Acacia rhodoxylon. Family: Leguminosae
Brown spearwood; rosewood
- Small tree, grows to 10–15m high.
- Stem is 15–25cm diameter.
- Stem and branches are often fluted.
- Bark is dark and sheds in curly flakes.
- Found in coastal and subcoastal parts of Central Queensland from near Eidsvold, north to southeast of Mt Garnet.
- Heartwood is deep red-brown to dark brown.
- Sapwood is cream to white.
- Grain is straight.
- If present, interlocked or wavy grain gives a 'ring' feature to polished surfaces.
- Texture is very fine and even.
Engineering and construction
- Used extensively, in the past, for fence posts.
- Not generally available in sizes suitable for engineered uses, even though strong enough—more suited to uses listed below.
- Fancy turnery, walking sticks, 'ringed' timber especially prized.
- Resonating parts of xylophones.
- Fingerboards and chin rests for violins (a substitute for ebony).
- Straight-grained timber may be used for sporting goods.
- Future potential for use in 'small-volume, high-value' niche markets.
- Density: 1280kg/m3 at 12% moisture content; about 0.75m3 of seasoned sawn timber per tonne.
- Strength groups: (S1) unseasoned, (SD1) seasoned (brackets indicate provisional value).
- Stress grades: F14, F17, F22, F27 (unseasoned); F22, F27, F34 (seasoned) when visually stress-graded according to AS 2082—2000: Timber—Hardwood—Visually stress-graded hardwood for structural purposes.
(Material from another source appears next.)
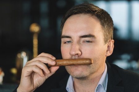 Stylish man sniffing a cigar. Businessman sitting enjoys the smell in the smoking room.

- Joint groups: JD1 seasoned.
- Shrinkage to 12% moisture content: not available.
- Unit shrinkage: not available.
- Durability above-ground: Class 1 (life expectancy more than 40 years).
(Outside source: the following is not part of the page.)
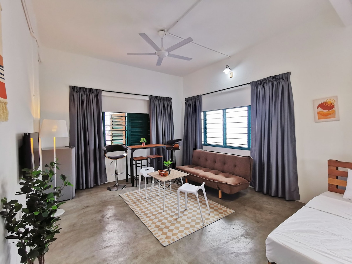 Enjoy a stylish Getting around in Ipoh is easy when staying strategically placed right in the heart of the city. Your family will be close to everything when you stay at this centrally-located place. Experience the "RUSTIC" theme in our STUDIO Suite 6 on the 2nd floor (access by staircase), fit for 4pax. Centrally located, just 1minute drive to the town center and local eateries. Perfect for short & long-term stays, company trips, weddings, and events. Enjoy a stylish stay in the heart of Ipoh!

- Durability in-ground: Class 1 (life expectancy more than 25 years).
- Lyctine susceptibility: untreated sapwood susceptible to lyctid borer attack.
- Termite resistance: not resistant.
- Preservation: sapwood readily impregnates with preservative but penetration of heartwood is negligible using available commercial processes.
- Seasoning: dries slowly with little degrade.
- Hardness: very hard (rated 1 on a 6-class scale) to indent and work with hand tools.
- Machining: using appropriate tooling and feed speeds, spear wattle dresses and machines well, resulting in a fine polish.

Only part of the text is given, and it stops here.